TASK PROMPT: Among the lines below, output only those between the line holding "Még az ELMŰ-ÉMÁSZ" and the line holding "山門の前には「豊臣秀次公之墓", inclusive, exactly as written and with no pictures.
═════ ENTRIES PROVIDED ═════
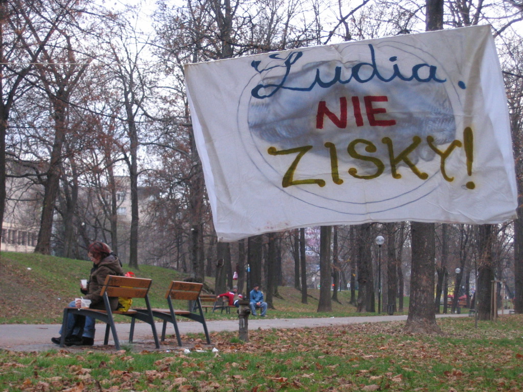 Tak dneska na Food not bombs ma opäť hriali „staré dobré časy“. Spolu nás bolo asi 25 ľudí, všetkých možných vekových kategórií (od prenatálneho veku, cez mládež až po starých ľudí) a oboch pohlaví a jeden pes Delfina.
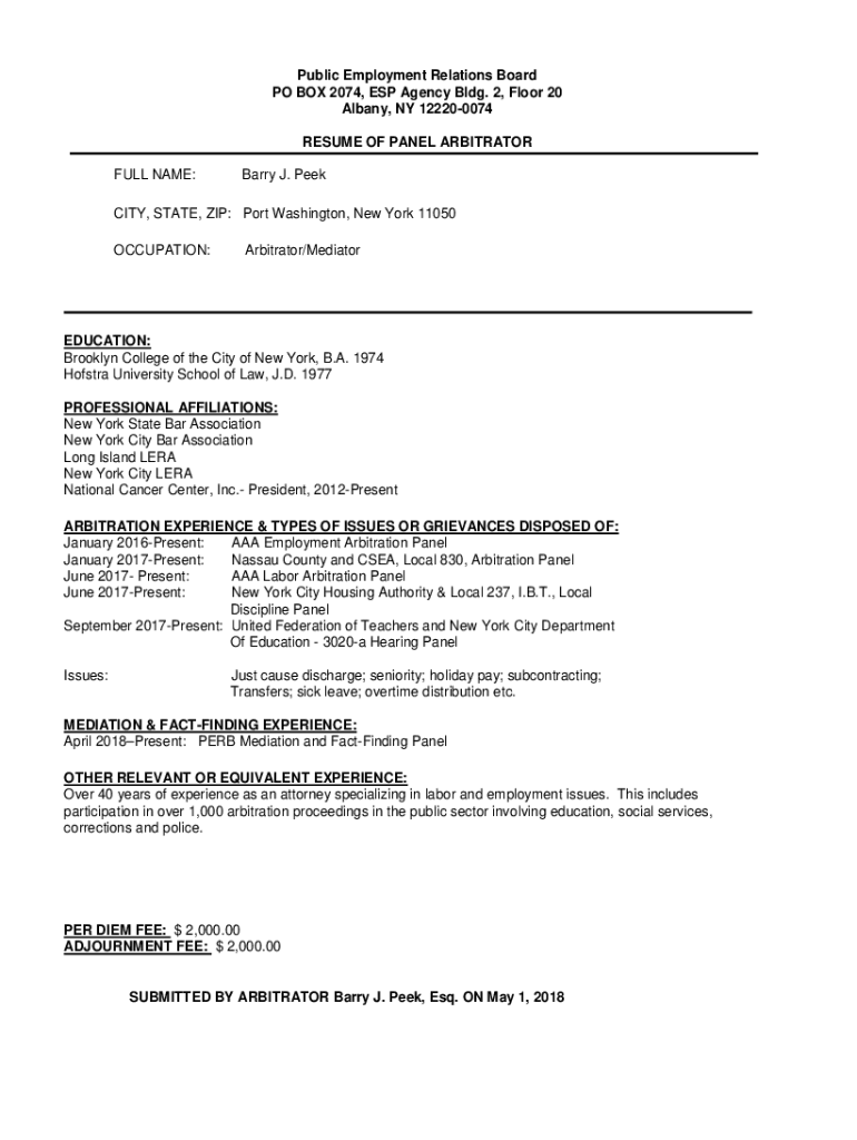 Public Employment Relations Board PO BOX 2074, ESP Agency Bldg. 2, Floor 20 Albany, NY 122200074 RESUME OF PANEL ARBITRATOR FULL NAME:Barry J. Velocity, STATE, ZIP: Port Washington, New York 11050
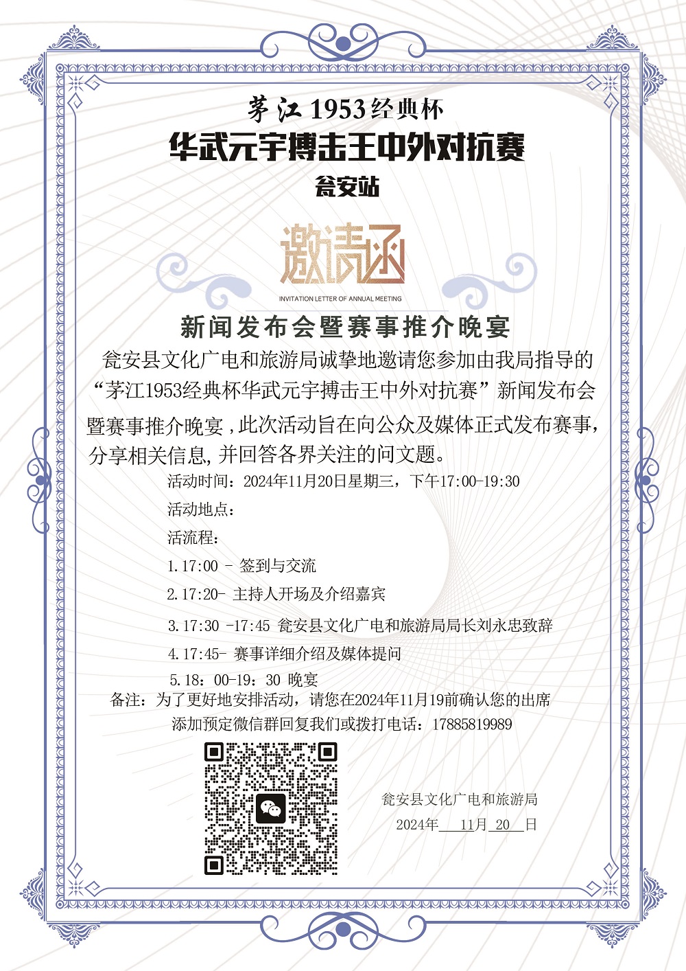 2024年11月20日星期三,瓮安县文化广电和旅游局诚挚地邀请您参加由我局指导的“茅江1953经典杯华武元宇搏击王中外对抗赛”新闻发布会暨赛事推介晚宴。此次活动旨在向公众及媒体正式发布赛事,分享相关信息,并回答各界关注的问题。
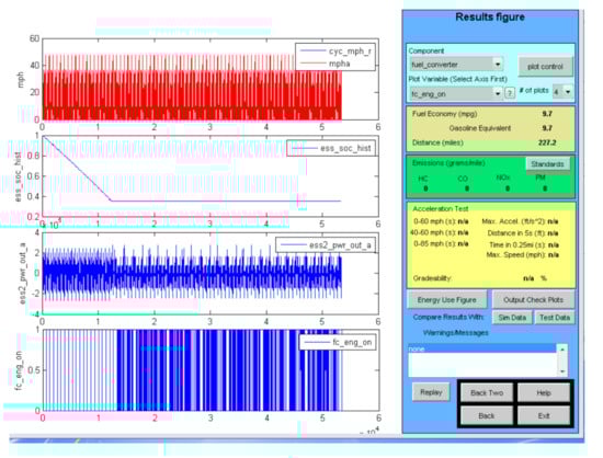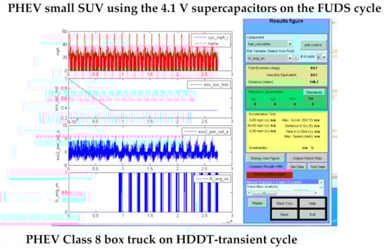 Advisor simulations were also run for PHEVs using supercapacitors. The PHEVs operate as an EV until the main storage battery is depleted, and as an HEV for further driving. The PHEVs simulated were set up with a supercapacitor to assist the main storage battery during periods of high power demand, and then to operate independently of the battery in the HEV mode. Hence the PHEV fuel economy in the HEV mode would be essentially that shown in Table 8 for each type of vehicle. The use of the supercapacitor to assist the main storage battery will permit it to be optimized for energy density rather than power. As shown in [,], this will reduce the size and cost of the main battery and extend its cycle life. Advisor output graphics of PHEVs operating in the EV and HEV modes are shown in Figure 5 for a small SUV and a Class 8 box truck.
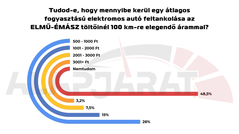 Még az ELMŰ-ÉMÁSZ töltőin is kijön ugyanez 2 020 Ft-ból (kalkulálva a töltési veszteséggel), ahol 99 Ft-ot kérnek 1 kWh áramért. Ezzel mindössze a válaszadók 7,5%-a van tisztában, 3,2% hiszi (tévesen), hogy 3 000 Ft-nál is többe kerülne a töltés. 15% gondolja, úgy, hogy 1 000 és 2 000 Ft közötti összegből kijönne a töltés. 26% tévesen 500 és 1 000 Ft közé lőtte be az árat, 48,5%-a pedig egyáltalán nincs tisztában az árakkal.
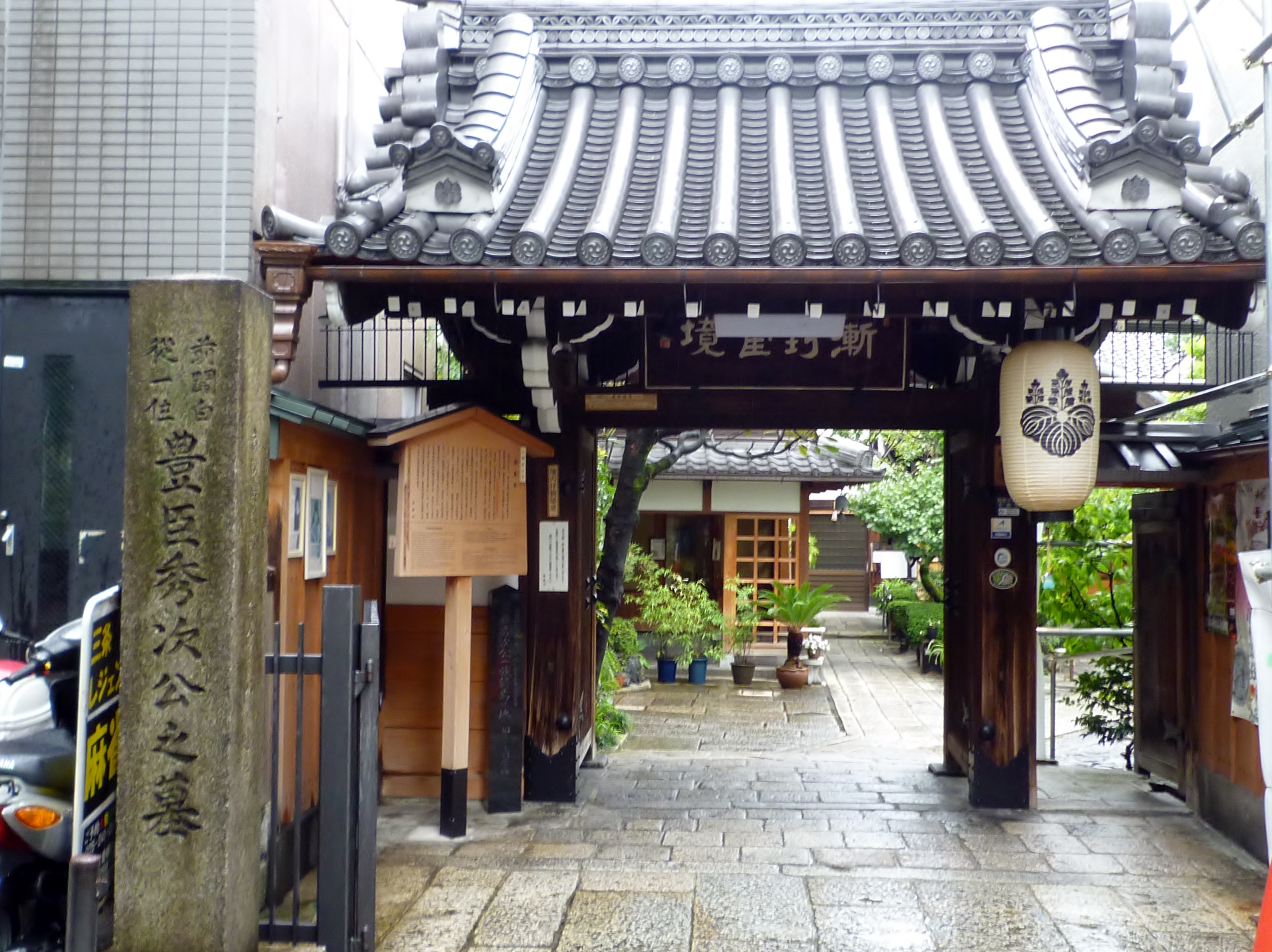 山門の前には「豊臣秀次公之墓」と、そして豊臣家の家紋を描いた提灯が下げられている。
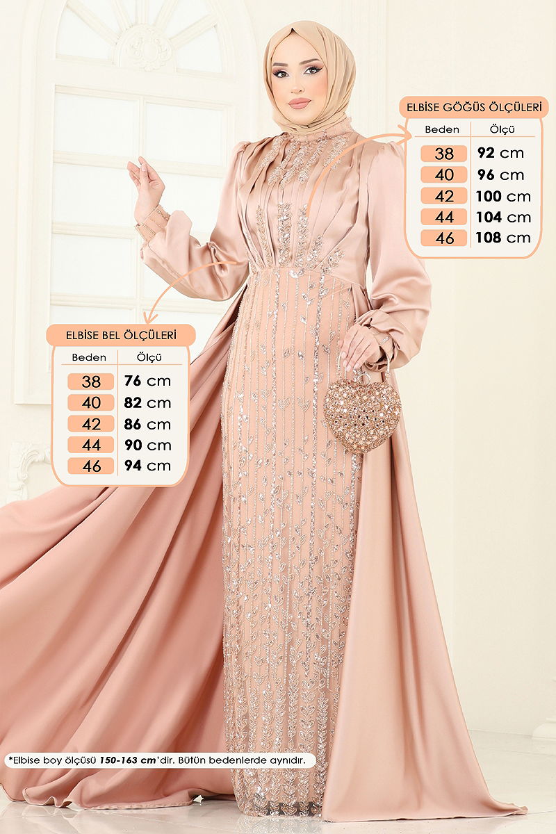 SUAL Draped Cape Evening Dress is a hijab-style product. It can be used in all four seasons. Only dry cleaning is required. Made of jeweled satin fabric. The product has a mandarin collar. It is lined. The product has a back zipper. (The product on the model is size 38.) The sequin detail is sewn. Bead details are riveted. The chiffon cape detail is sewn.
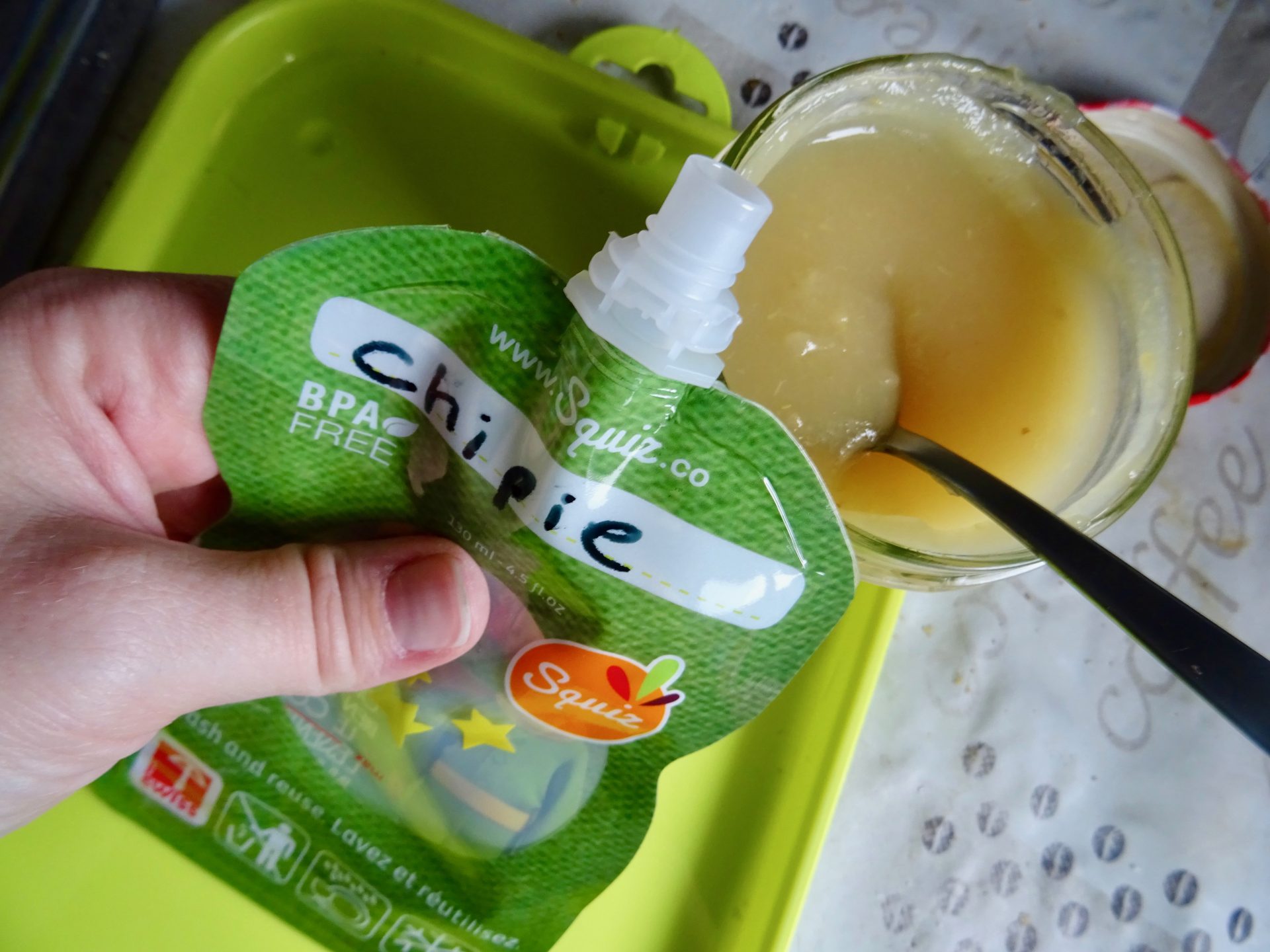 Squiz c’est la gourde réutilisable écolo, certifiée B Corp et fabriquée en Suisse, pour emporter les repas des bébés et encas des plus grands (compote, yaourt, purée).
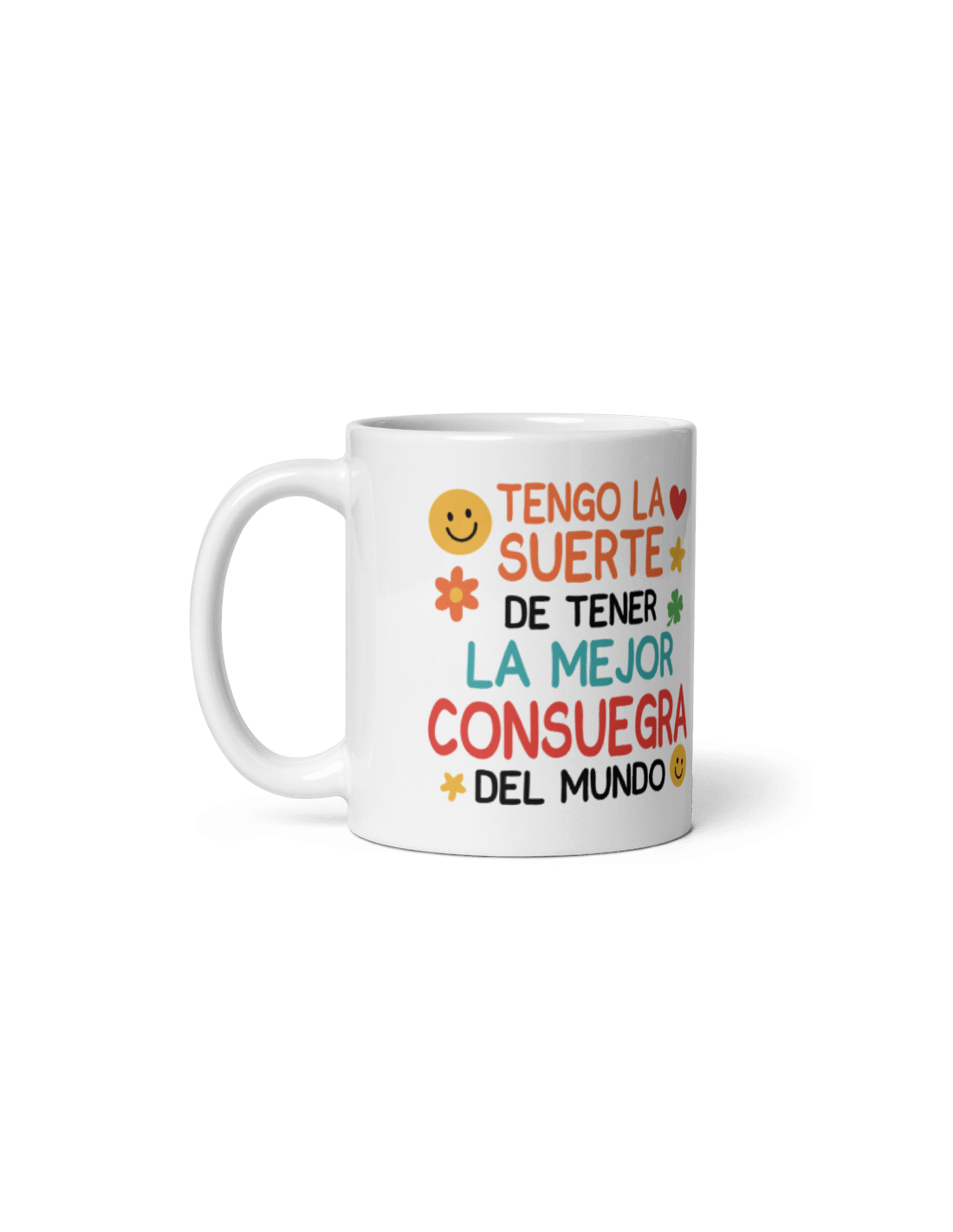 Original taza de porcelana decorada con el mensaje "Tengo la suerte de tener la mejor consuegra del mundo".
═════
TASK RESPONSE:
 Még az ELMŰ-ÉMÁSZ töltőin is kijön ugyanez 2 020 Ft-ból (kalkulálva a töltési veszteséggel), ahol 99 Ft-ot kérnek 1 kWh áramért. Ezzel mindössze a válaszadók 7,5%-a van tisztában, 3,2% hiszi (tévesen), hogy 3 000 Ft-nál is többe kerülne a töltés. 15% gondolja, úgy, hogy 1 000 és 2 000 Ft közötti összegből kijönne a töltés. 26% tévesen 500 és 1 000 Ft közé lőtte be az árat, 48,5%-a pedig egyáltalán nincs tisztában az árakkal.
 山門の前には「豊臣秀次公之墓」と、そして豊臣家の家紋を描いた提灯が下げられている。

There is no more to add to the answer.